Objectives: The presenting symptoms of leiomyosarcoma (LMS) are the same as those of leiomyoma. The diagnosis of LMS is usually achieved retrospectively after pathological analysis of hysterectomy specimens. The aim of surgery in uterine sarcomas being resection without tumor morcellation, LMS poses the problem of the choice of surgical route because it is more likely to occur in relatively young women. This study was undertaken to determine, firstly, the frequency of LMS in a series of hysterectomies performed for presumed leiomyomas, secondly, if there exist any particular context in which LMS should be considered and how this may modify the choice of surgical route, thirdly, to discuss about the therapeutical aspects of those cases of LMS diagnosed incidentally after uterine morcellation.

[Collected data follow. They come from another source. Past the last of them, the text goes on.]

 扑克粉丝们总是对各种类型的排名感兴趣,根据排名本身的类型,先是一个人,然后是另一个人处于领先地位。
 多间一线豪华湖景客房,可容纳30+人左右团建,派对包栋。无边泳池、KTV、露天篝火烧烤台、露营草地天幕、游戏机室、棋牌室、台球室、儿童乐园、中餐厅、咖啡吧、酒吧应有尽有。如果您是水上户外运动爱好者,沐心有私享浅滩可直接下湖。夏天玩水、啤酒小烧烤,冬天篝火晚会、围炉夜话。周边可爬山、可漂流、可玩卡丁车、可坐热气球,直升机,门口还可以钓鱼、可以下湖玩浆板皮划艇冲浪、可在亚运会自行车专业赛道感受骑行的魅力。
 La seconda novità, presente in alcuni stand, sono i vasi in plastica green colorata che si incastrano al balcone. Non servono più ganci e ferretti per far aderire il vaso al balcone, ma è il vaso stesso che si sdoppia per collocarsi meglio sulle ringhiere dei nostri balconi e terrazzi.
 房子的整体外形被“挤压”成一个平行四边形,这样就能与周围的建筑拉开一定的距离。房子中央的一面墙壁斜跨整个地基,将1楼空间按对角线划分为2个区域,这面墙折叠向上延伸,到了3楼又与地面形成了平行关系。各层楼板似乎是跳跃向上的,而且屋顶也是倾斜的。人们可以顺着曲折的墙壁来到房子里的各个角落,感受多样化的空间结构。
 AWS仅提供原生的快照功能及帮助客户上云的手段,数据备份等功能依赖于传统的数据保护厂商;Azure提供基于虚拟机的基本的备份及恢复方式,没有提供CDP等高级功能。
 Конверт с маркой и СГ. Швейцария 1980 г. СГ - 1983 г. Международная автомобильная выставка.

Patients and methods: A retrospective review, from 1996 to 2005, of cases of LMS diagnosed retrospectively in patients having benefited from hysterectomy for presumed leiomyomas, at the department of Obstetrics-Gynaecology, Belfort Hospital.

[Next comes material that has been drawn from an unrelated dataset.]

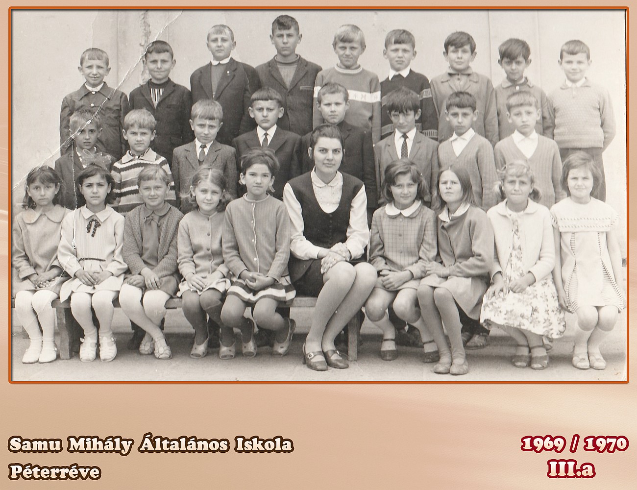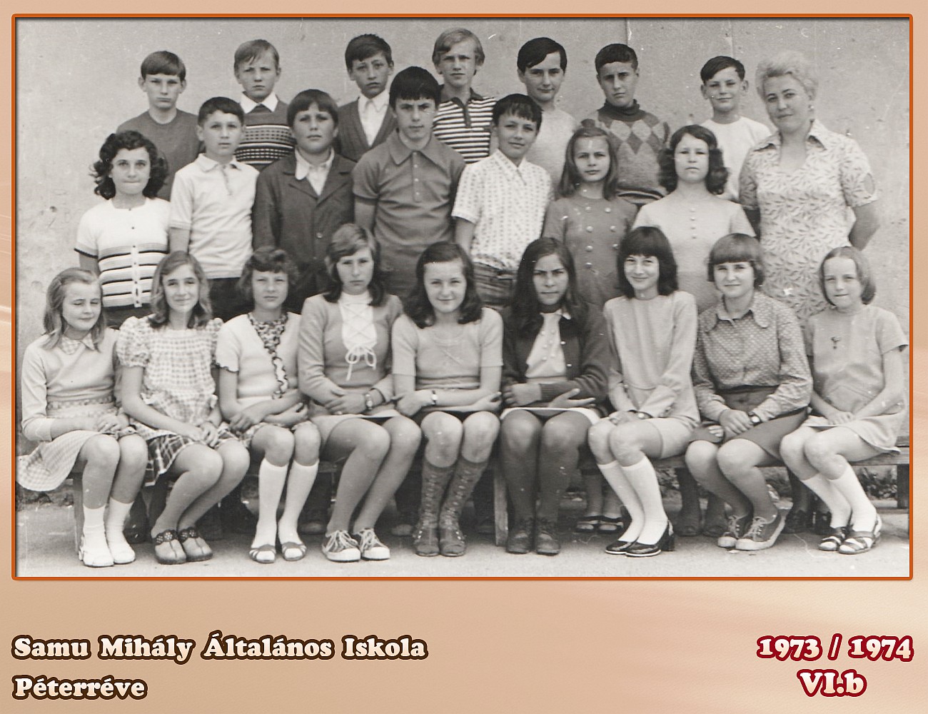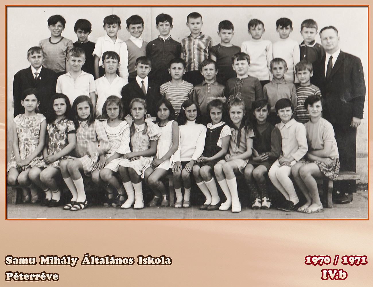 Akiket felismerek, hiszen párhuzamos osztály voltunk a "KISISKOLÁBAN": Felső sor Molnár Sándor (D), Kuti Gyusz (H), lehet hogy Kasza de nem biztos, ha igen akkor Kanadába költöztek, .... ... Sanyi, savóhegyről, Medve Mihály, Péter Imre (+), Dávid Gábor (H), Szabó Károly, (Bácsföldvár), .... .. ...., Középső sor Vajda Zoltán, Huttyai Ferenc, Kiss Gábor, Detki László, Tóth Lajos, Halápi Ferenc, Öreg Imre és Öreg Zoltán Ülnek: Barna Kati, Tubik Klári, Jablanszki Vali, Gallusz Ildi, Kiss Gizi, az osztályfőnök, Balassa Cili, .......... .....,,,,.. , Hegedűs Ilona és .............

Results: From 1996 to 2005, 1297 hysterectomies have been performed for presumed leiomyomas in our department. Patients' mean age was 48 years (34 to 77 years). Menometrorraghia was the most common symptom having motivated surgery (57%), followed by pelvic pain (31%) and the notion of a rapidly growing uterine mass (12%). The distribution of surgical route was as follows: laparotomic route, n=393 (30%); vaginal route, n=855 (66%) and laparoscopic assisted vaginal route, n=49 (4%). Pathological analysis had revealed LMS in three patients (0.23%).

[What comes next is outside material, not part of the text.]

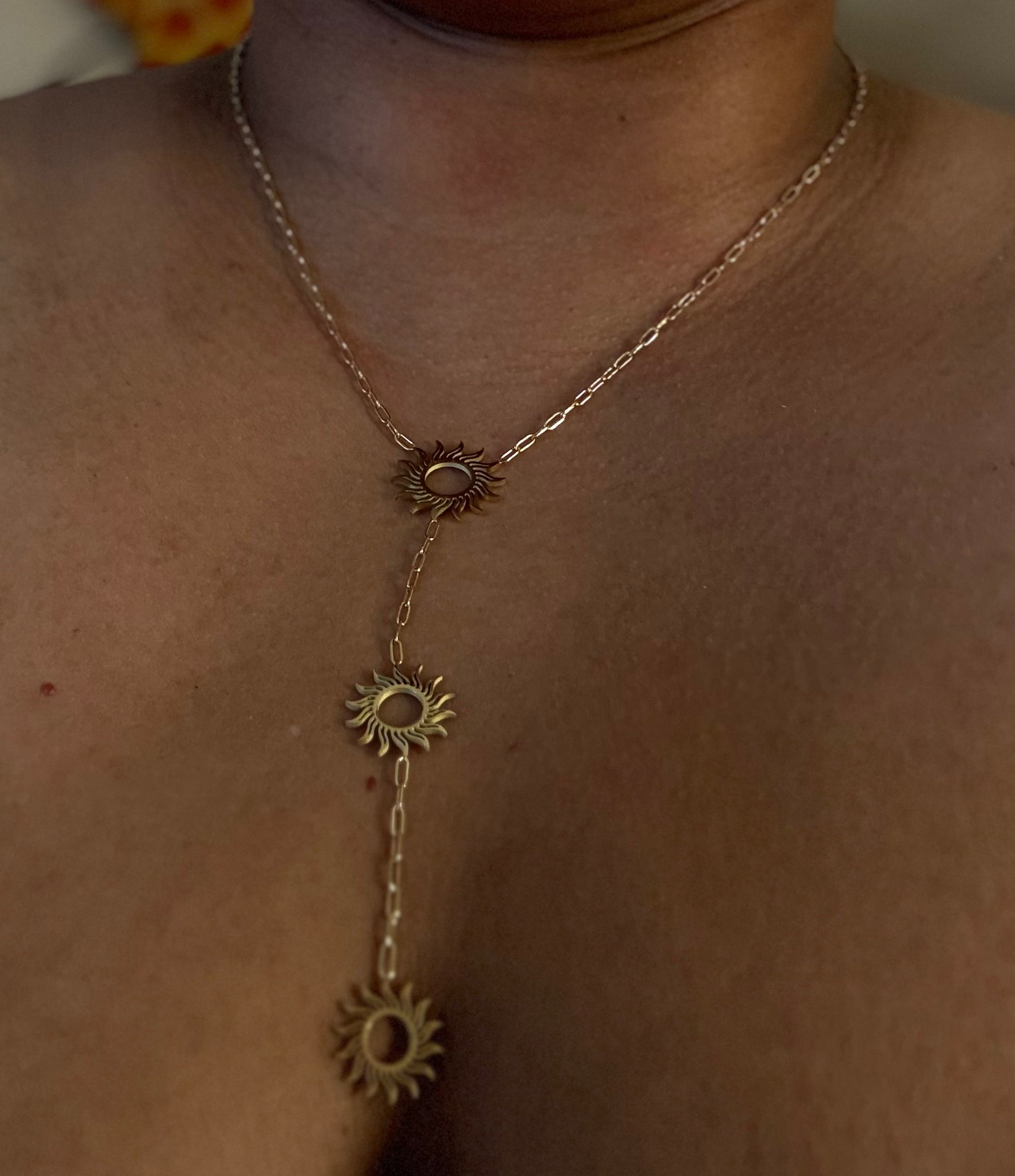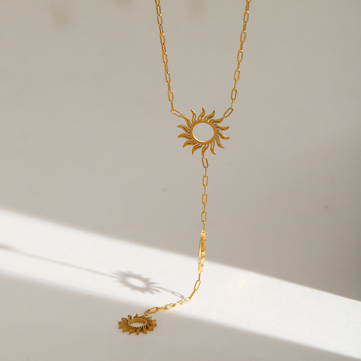 Este elegante collar tipo y-drop presenta un diseño solar moderno, elaborado en acero inoxidable 304 chapado en oro de 18K, resistente al desgaste y con un acabado radiante.

Discussion and conclusion: LMS is usually diagnosed incidentally on hysterectomy specimen analysis. Indeed, the surgeon may find himself in a therapeutic dilemma in cases where vaginal extraction has required tumour morcellation with an increased risk of peritoneal and/or vaginal dissemination. However, given the extremely low incidence of LMS in series of hysterectomies performed for presumed leiomyomas and the lack of specific preoperative context to clearly evoke this diagnosis, the fear of leiomyosarcoma should not make us apprehend nonlaparotomic surgical routes.